PROBLEM REQUIREMENTS:
Only one stretch of the data below should be repeated: the lines from the line containing "ブリオッシュパンにクレヨンのおいしい生クリームが入っています。" through the line containing "Bubble automatic bubble", inclusive, exactly as they are.

ENTRIES SHOWN:
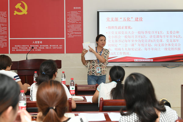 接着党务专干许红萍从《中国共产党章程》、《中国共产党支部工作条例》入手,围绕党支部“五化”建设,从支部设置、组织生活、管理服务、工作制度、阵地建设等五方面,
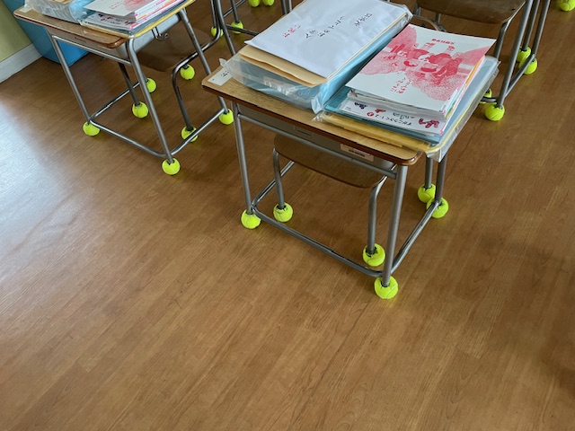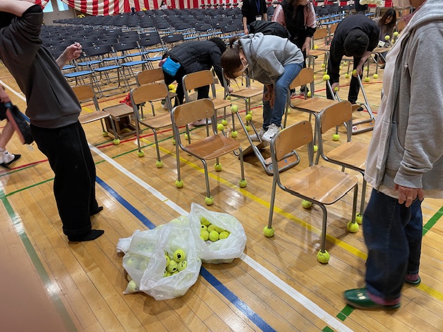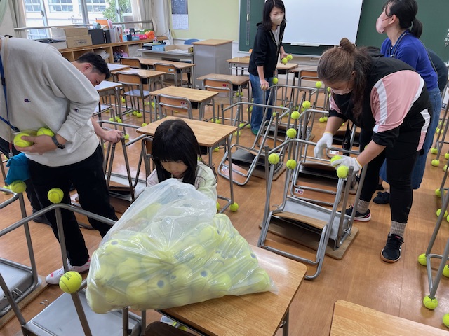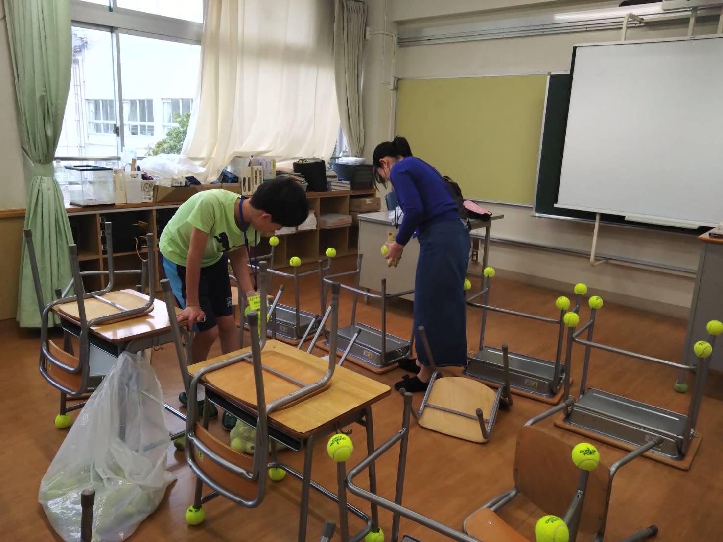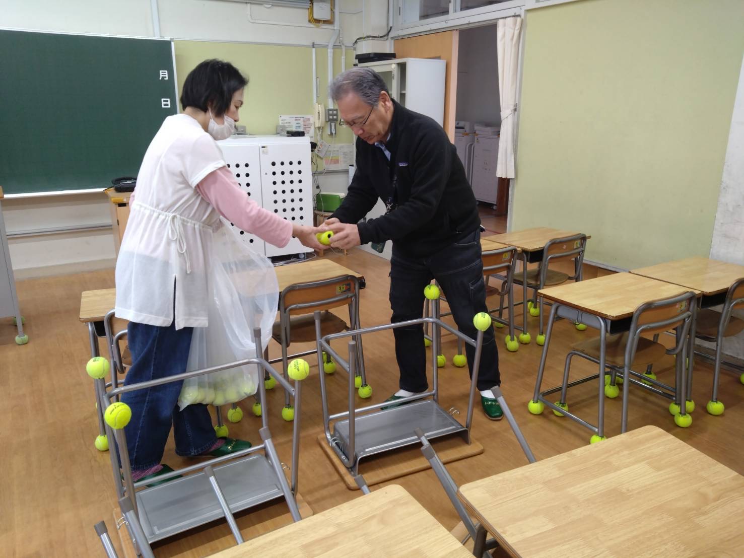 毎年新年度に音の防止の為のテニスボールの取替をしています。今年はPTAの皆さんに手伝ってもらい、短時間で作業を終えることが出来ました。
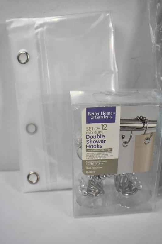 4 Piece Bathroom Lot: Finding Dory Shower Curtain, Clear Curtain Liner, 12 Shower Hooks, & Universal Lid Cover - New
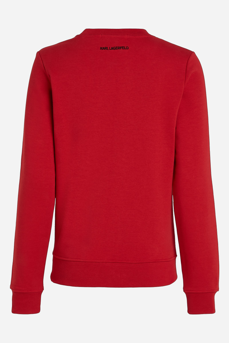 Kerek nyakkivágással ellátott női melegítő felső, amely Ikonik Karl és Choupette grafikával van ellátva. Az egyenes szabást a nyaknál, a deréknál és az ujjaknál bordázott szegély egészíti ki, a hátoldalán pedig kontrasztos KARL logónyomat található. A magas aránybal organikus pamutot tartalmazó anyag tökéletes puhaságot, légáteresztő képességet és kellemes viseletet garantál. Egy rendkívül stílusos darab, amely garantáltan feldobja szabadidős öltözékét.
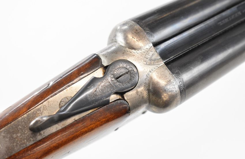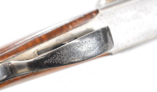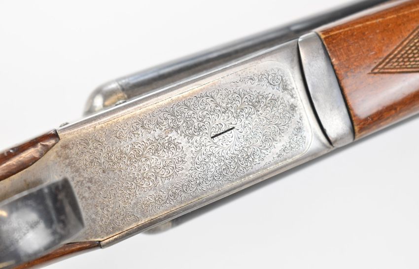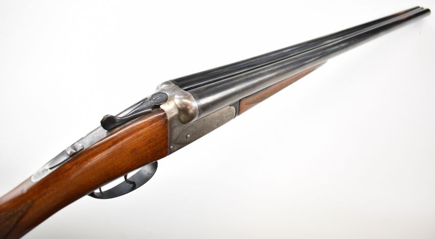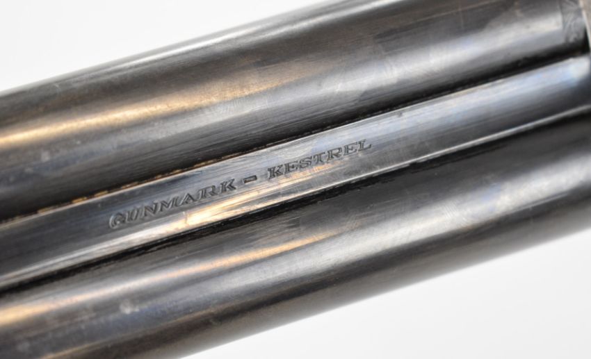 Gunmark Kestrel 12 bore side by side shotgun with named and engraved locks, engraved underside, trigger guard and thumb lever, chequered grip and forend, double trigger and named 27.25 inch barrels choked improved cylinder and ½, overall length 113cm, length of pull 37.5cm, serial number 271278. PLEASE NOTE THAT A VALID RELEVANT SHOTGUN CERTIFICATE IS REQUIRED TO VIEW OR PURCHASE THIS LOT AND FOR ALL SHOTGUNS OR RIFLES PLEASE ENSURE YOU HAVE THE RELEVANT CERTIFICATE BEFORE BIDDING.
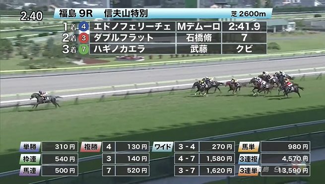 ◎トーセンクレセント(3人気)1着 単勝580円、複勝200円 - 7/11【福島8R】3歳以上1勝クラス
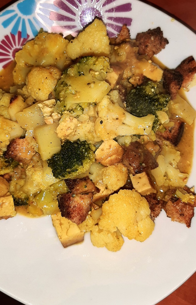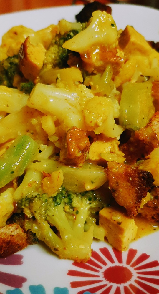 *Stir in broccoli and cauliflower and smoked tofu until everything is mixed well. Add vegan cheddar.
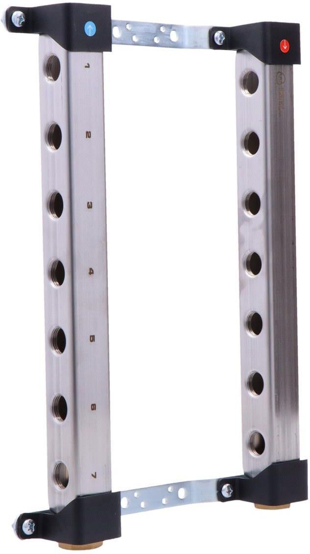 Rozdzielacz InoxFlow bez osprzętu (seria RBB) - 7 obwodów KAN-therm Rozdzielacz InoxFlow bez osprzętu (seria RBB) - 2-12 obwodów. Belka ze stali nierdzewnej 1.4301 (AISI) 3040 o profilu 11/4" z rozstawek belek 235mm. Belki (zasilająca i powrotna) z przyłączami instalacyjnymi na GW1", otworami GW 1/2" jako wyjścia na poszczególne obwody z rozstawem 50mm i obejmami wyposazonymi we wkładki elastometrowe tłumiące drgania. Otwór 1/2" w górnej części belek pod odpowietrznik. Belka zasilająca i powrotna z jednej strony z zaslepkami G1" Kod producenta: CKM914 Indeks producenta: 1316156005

...

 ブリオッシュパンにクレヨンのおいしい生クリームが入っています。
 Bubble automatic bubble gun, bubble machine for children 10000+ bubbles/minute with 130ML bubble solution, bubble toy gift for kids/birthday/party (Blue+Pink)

EXPECTED ANSWER:
 ブリオッシュパンにクレヨンのおいしい生クリームが入っています。
 Bubble automatic bubble gun, bubble machine for children 10000+ bubbles/minute with 130ML bubble solution, bubble toy gift for kids/birthday/party (Blue+Pink)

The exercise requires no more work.